* **SOURCE MATERIAL**
★ ★ ★

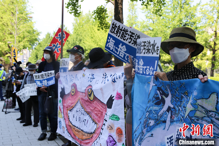 5月16日,日本民众在东京电力公司总部前举行集会,表达对日本政府和东京电力公司持续强推福岛核污染水排海计划的强烈反对。 中新社发 蒋文月 摄
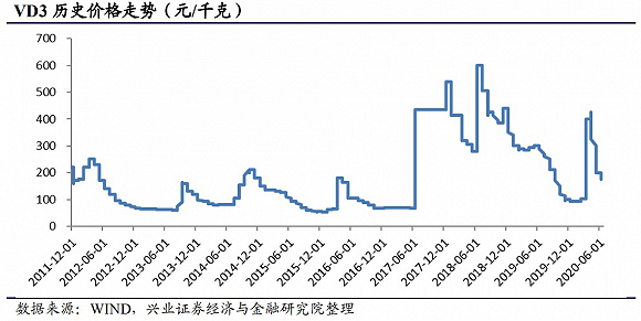 近年来,维生素D3价格呈周期性波动。2018年年中,该价格迅速冲高后便持续性下跌。
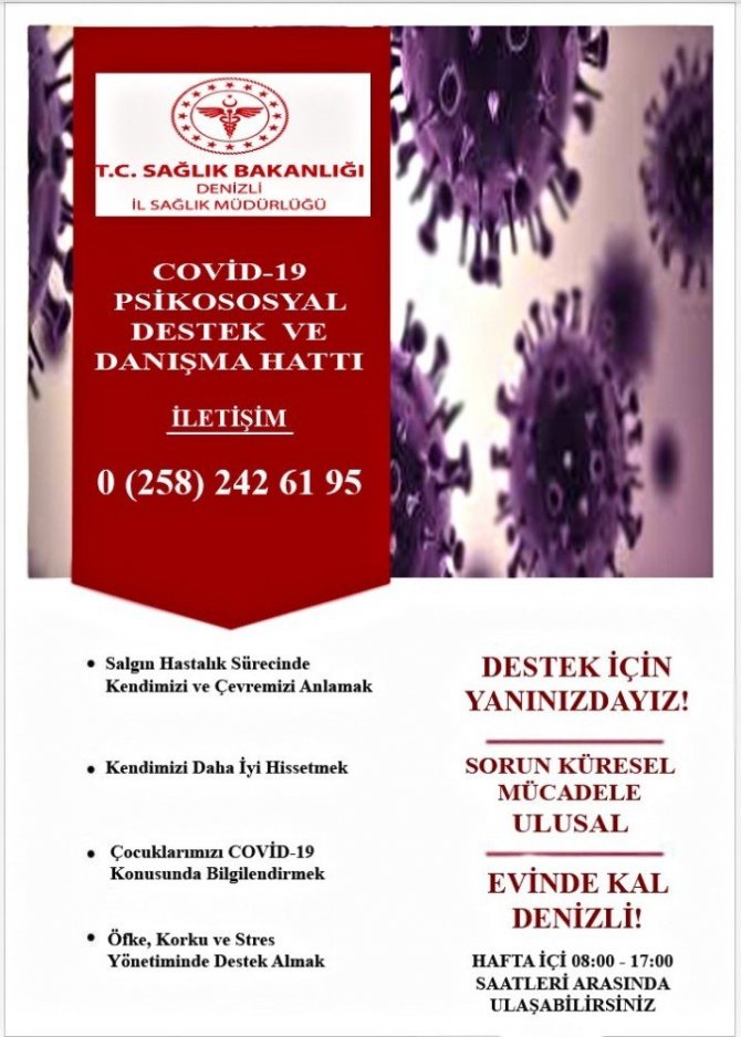 Mart ayında Denizli'de vakalarının görülmesinden itibaren Müdürlük bünyesinde vatandaşlara telefonla psikososyal destek sağlamak amacıyla "Korona virüs Psikososyal Destek ve Danışma Hattı" kuruldu. Gerek bu hattı arayarak psikososyal destek almak isteyen, gerekse Merkez ve İlçelerde bulunan İlçe Sağlık Müdürlükleri, Toplum Sağlığı Merkezleri ile Sağlıklı Hayat Merkezleri tarafından ulaşılan psikososyal desteğe ihtiyacı olan kişilere Çocuk Gelişimci-Psikolog-Sosyal Hizmet Uzmanları tarafından telefonla danışmanlık hizmeti verildi.

★ ★ ★

* **WORK REQUIRED**
Write every line of the data out again exactly, leaving out all images.

* **PROBLEM SOLUTION**
 5月16日,日本民众在东京电力公司总部前举行集会,表达对日本政府和东京电力公司持续强推福岛核污染水排海计划的强烈反对。 中新社发 蒋文月 摄
 近年来,维生素D3价格呈周期性波动。2018年年中,该价格迅速冲高后便持续性下跌。
 Mart ayında Denizli'de vakalarının görülmesinden itibaren Müdürlük bünyesinde vatandaşlara telefonla psikososyal destek sağlamak amacıyla "Korona virüs Psikososyal Destek ve Danışma Hattı" kuruldu. Gerek bu hattı arayarak psikososyal destek almak isteyen, gerekse Merkez ve İlçelerde bulunan İlçe Sağlık Müdürlükleri, Toplum Sağlığı Merkezleri ile Sağlıklı Hayat Merkezleri tarafından ulaşılan psikososyal desteğe ihtiyacı olan kişilere Çocuk Gelişimci-Psikolog-Sosyal Hizmet Uzmanları tarafından telefonla danışmanlık hizmeti verildi.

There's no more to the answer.